Boston man killed by police was being watched by terrorism task force

Law enforcement officials with the Boston police and the FBI shot and killed a man Tuesday morning after they tried to interview him as part of a terrorism investigation and he brandished a large knife, police and federal officials said.

Usaama Rahim, 26, had been under 24-hour surveillance by a Joint Terrorism Task Force and was "a known suspect wanted for some terrorist-related information we had received," Boston Police Commissioner William B. Evans said at a televised news conference.

“He was someone we were watching for quite a time," Evans said. "The level of alarm brought us to question him today."

Officials declined to go into further detail about why they were watching Rahim.

The shooting happened near a drugstore parking lot in Boston's Roslindale neighborhood about 7 a.m. A local imam who says he is Rahim's brother said Rahim had been waiting for the bus to go to work.

Officials said the shooting was captured on video, which has not been released.
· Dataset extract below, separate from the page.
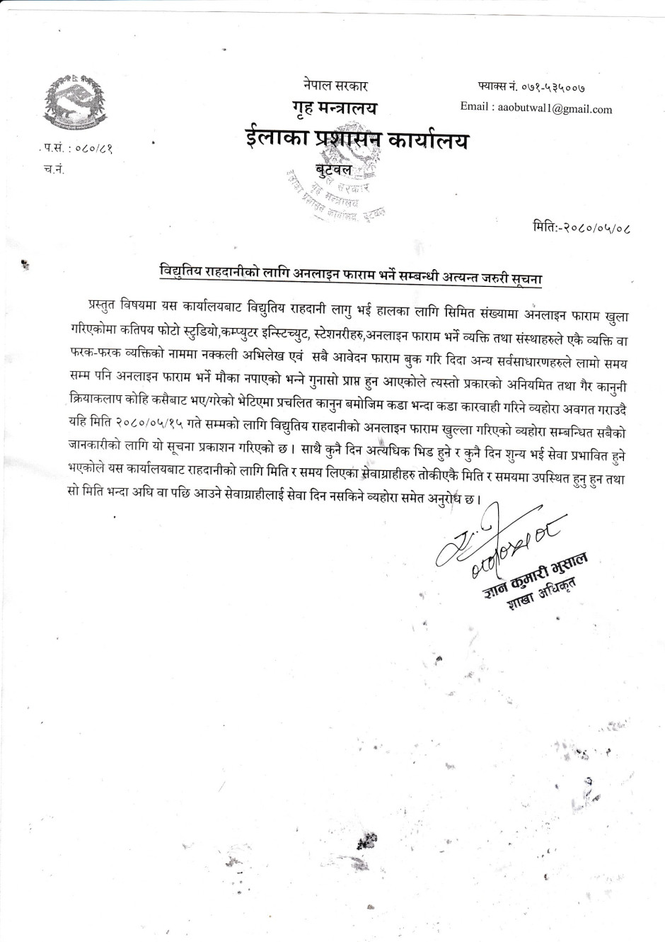 © सर्वाधिकार सुरक्षित ईलाका प्रशासन कार्यालय, बुटवल, रुपन्देही

The Suffolk County district attorney's office will investigate the shooting to determine whether it was justified, the Boston Globe reported.

Vincent B. Lisi, the special agent in charge of the FBI's Boston office, declined to tell reporters why officials wanted to speak to Rahim except “to approach him and interview him and talk to him about his intentions."

The unidentified officials who shot Rahim did not have a warrant and did not plan to arrest him, but “we considered him armed and dangerous," Lisi said at the news conference.

When the officials with Boston police and the FBI approached Rahim without their guns drawn, Rahim pulled out a large knife "unprovoked" and ignored commands to drop it, Evans said.

Rahim "came at the officers," who retreated and opened fire when Rahim got close enough that "their lives were in danger," Evans said.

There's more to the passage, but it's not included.